As well as appearing open to more prisoner swaps, Zarif also called on the US to return to the 2015 JCPOA Iran nuclear deal, which President Donald Trump withdrew from in 2018, adding that Iran would comply if the US met its commitments.

The Joint Comprehensive Plan of Action (JCPOA), signed between Iran and China, France, Germany, Russia, the UK and US, limits Iran’s nuclear program in return for sanctions relief.

Zarif accused the Trump administration of behaving like a “phantom regime” by violating the agreement and said Tehran would not re-negotiate the deal if Joe Biden becomes president, in response to being asked if a new deal could cover Iran’s ballistic missile program.

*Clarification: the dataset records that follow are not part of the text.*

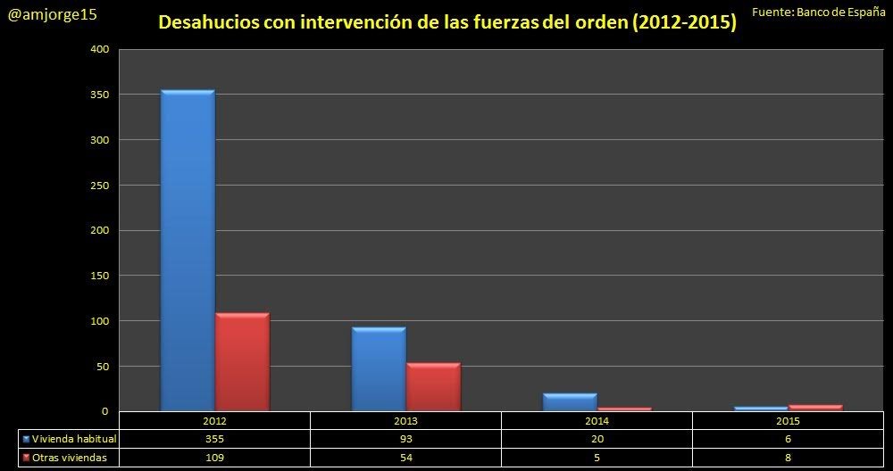 Así, en 2015, únicamente se realizaron seis intervenciones en el caso de vivienda habitual y ocho en el caso de otros inmuebles. Estos datos contrastan con las 355 intervenciones que se llevaron a cabo en 2012, pero aún así hay que destacar que en ninguno de los años el porcentaje de intervenciones policiales resultó relevante desde el punto de vista estadístico: alcanzó su nivel máximo en 2012, con el 15%, seguido del 5% en 2013, el 2% en 2014 y apenas un 0,6% en 2015. Si, además, se calculan estos mismos porcentajes sobre el total de entregas de vivienda habitual, el resultado es, simplemente, residual.
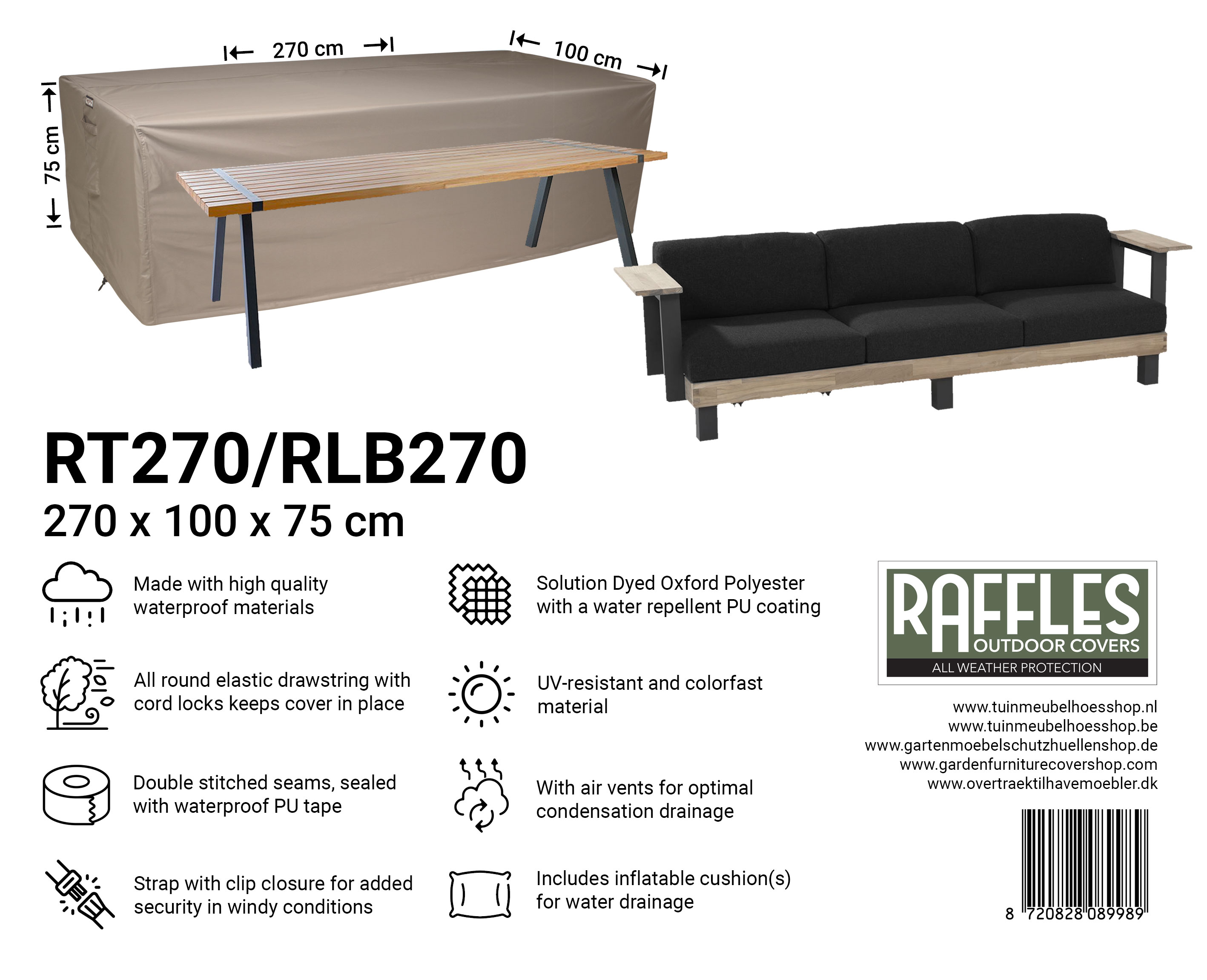 Med RT-serien af havebordsovertræk fra Raffles Covers beskytter du dine havebord(e) året rundt mod regn, sol, snavs, grønne alger, fugleklatter og UV-stråling. Uanset om du har et kompakt bistrobord, et standard rektangulært havebord eller et ekstra langt XXL-bord, findes der altid et passende overtræk, så dit bord forbliver rent og er direkte klar til brug.
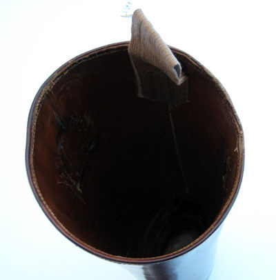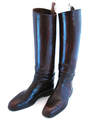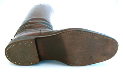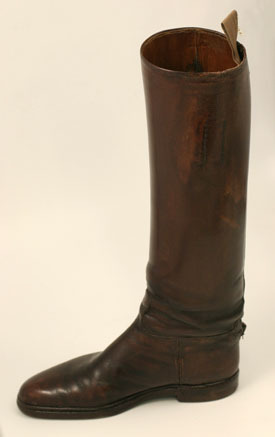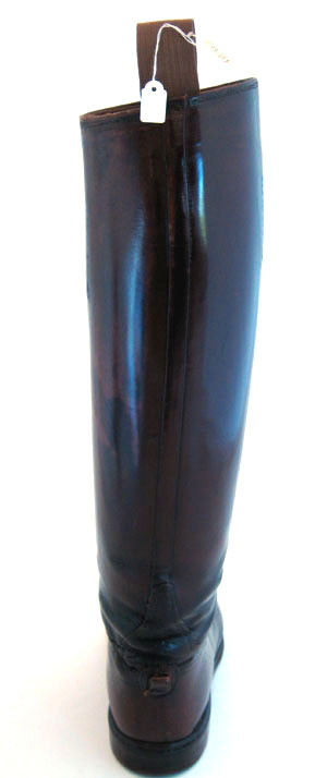 Ridstöveln skuren i reseft, skaft och bakkappa. Reseftet och bakstycket förenas med hopspannade sidsömmar. Skaftet förenas med reseft och bakkappa med en horisontell söm mitt på, som mitt fram går upp i en böj. Bakstycket är skuret med en 13 mm bred skinnremsa som täcker över skaftets söm mitt bak, som nedtill mynnar ut i en triangelformad del. Under denna finns en 12 mm bred, 17 mm hög, utåtpekande kil. På skaftets båda sidor finns två vertikala och parallella rader av små hål som ser ut som om något varit fastsytt där. Stöveln är fodrad med ljusare brunt skinn (kalv?). Innersula av brunt skinn med förstärkt häl. Mitt bak, på insidan upptill av skaftet finns en ljusbrun, dubbelvikt textilstropp, längd 130 mm , bredd 35 mm. På insidan mitt fram, c:a 30 mm från överkanten, finns med svart stämplad, delvis oläslig text: "/.../ // Charlottenburg 2 // /.../strasse 184 // Tel. /.../". På var sida om texten finns ett märke bestående av två cirklar som går in i varandra med oläslig text i och omkring. Under hela stämpeln finns, i svart, handskriven text: "Prinz Gustav Adolf // von Schweden". Sula av rödbrunt nötläder. Klack av läder med tre klacklappar och stiftlapp fastsatt med 24 stift av vit metall.
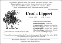 Es weht der Wind ein Blatt vom Baum, von vielen Blättern eines. Dies eine Blatt, man merkt es kaum, denn eines ist ja keines. Doch dies eine Blatt alleine, war Teil von unserem Leben. Drum wird dies eine Blatt, uns immer wieder fehlen. Hermann Hesse Ursula Lippert * 13. 12. 1930 + 12. 10. 2025 In Liebe und Dankbarkeit: Hermann Lippert, Ehemann Ursula Gruber, Tochter, mit Familie Hermann Lippert, Sohn, mit Familie Ulrike Mihotek, Tochter, mit Familie Christian Lippert, Sohn, mit Familie Altfraunhofen, den 29. Oktober 2025 im Namen aller Angehörigen Trauerfeier mit anschließender Urnenbeisetzung am Montag, 3. November 2025, um 11.00 Uhr im Hauptfriedhof Landshut. Für bereits erwiesene und noch zugedachte Anteilnahme ein herzliches 'Vergelt's Gott'.
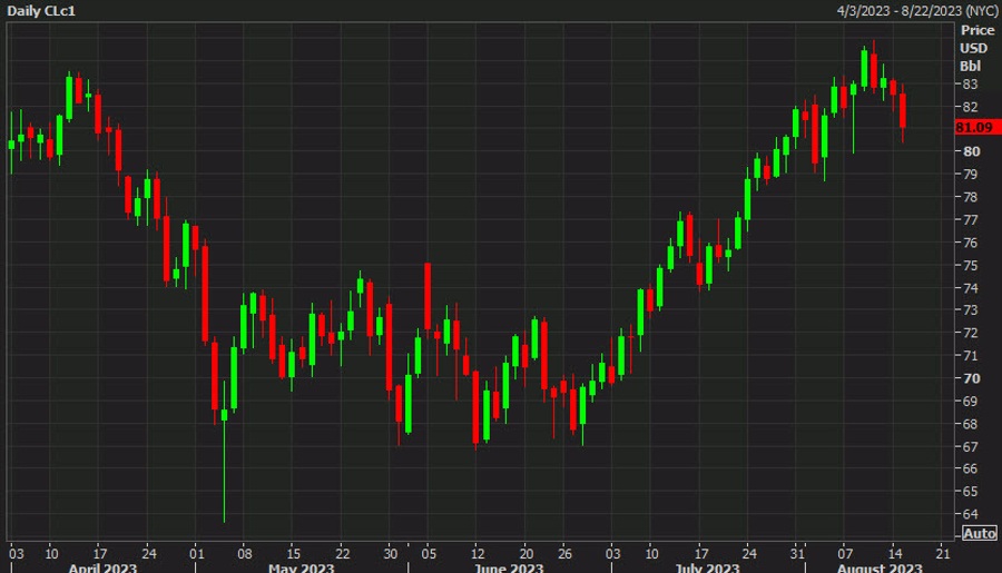 WTI crude oil settled lower by $1.52 to $80.99. It’s the first close below $81 since Aug 2 and the intraday low of $80.40 is the worst level in a week. Post-settlement, it has made some progress and is trading at $81.08.
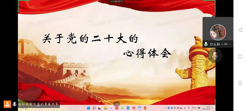座谈会总体分为两个环节。第一环节,主持人播放中华人民共和国国歌并展示歌词和习近平总书记金句,在国歌的余韵中,主持人带领大家简要回顾习近平总书记在二十大会议上的精彩发言,其中,习近平总书记的陈词铿锵有力,他对全党同志的殷嘱和对建成新时代中国特色社会主义的决心鼓舞着观众;第二环节,2021级和2022级部分团支书依次发表对二十大的心得体会,发言者畅所欲言,体现自己对二十大和新时代的思考和感悟,以及各自从中学到的优秀思想和精神。通过这些同学的精彩发言,在座学生都更加了解党的二十大精神,坚定了为把我国建设成社会主义现代化强国而奋斗的信念。最后,主持人对本次座谈会进行总结,引导大家传承红色基因,争做新时代四有青年,在二十大光辉的指引下,踔厉奋发、笃行不殆,一步一个脚印,永远跟党走。
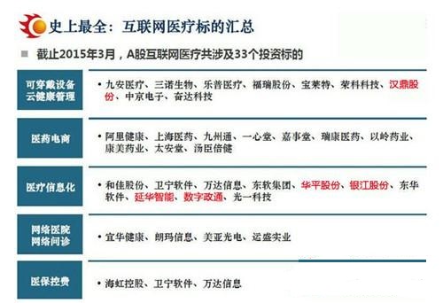 从上图可以看出,共33个A股互联网医疗投资标的,其中汉鼎股份、华平股份、银江股份、延华智能、数字政通这个五家上市企业在安防有相关业务。
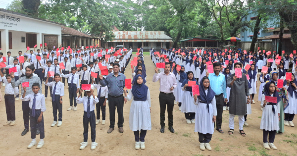 শেষে মাদক ও বাল্য বিয়ে প্রতিরোধ করার শপথ নিয়ে শিক্ষার্থীরা এসব বিষয়কে লাল কার্ড দেখান।

In another swing at Washington, Zarif accused the US of a “crime against humanity” over its “hampering” of Iran’s response to the Covid-19 pandemic by allegedly preventing Tehran from purchasing doses of a vaccine. 

Last month Iranian health minister Iraj Harirchi said that US sanctions had prevented some five million doses of a purchased flu vaccine reaching the country after they were blocked at an airport and could not be cleared and exported to Iran.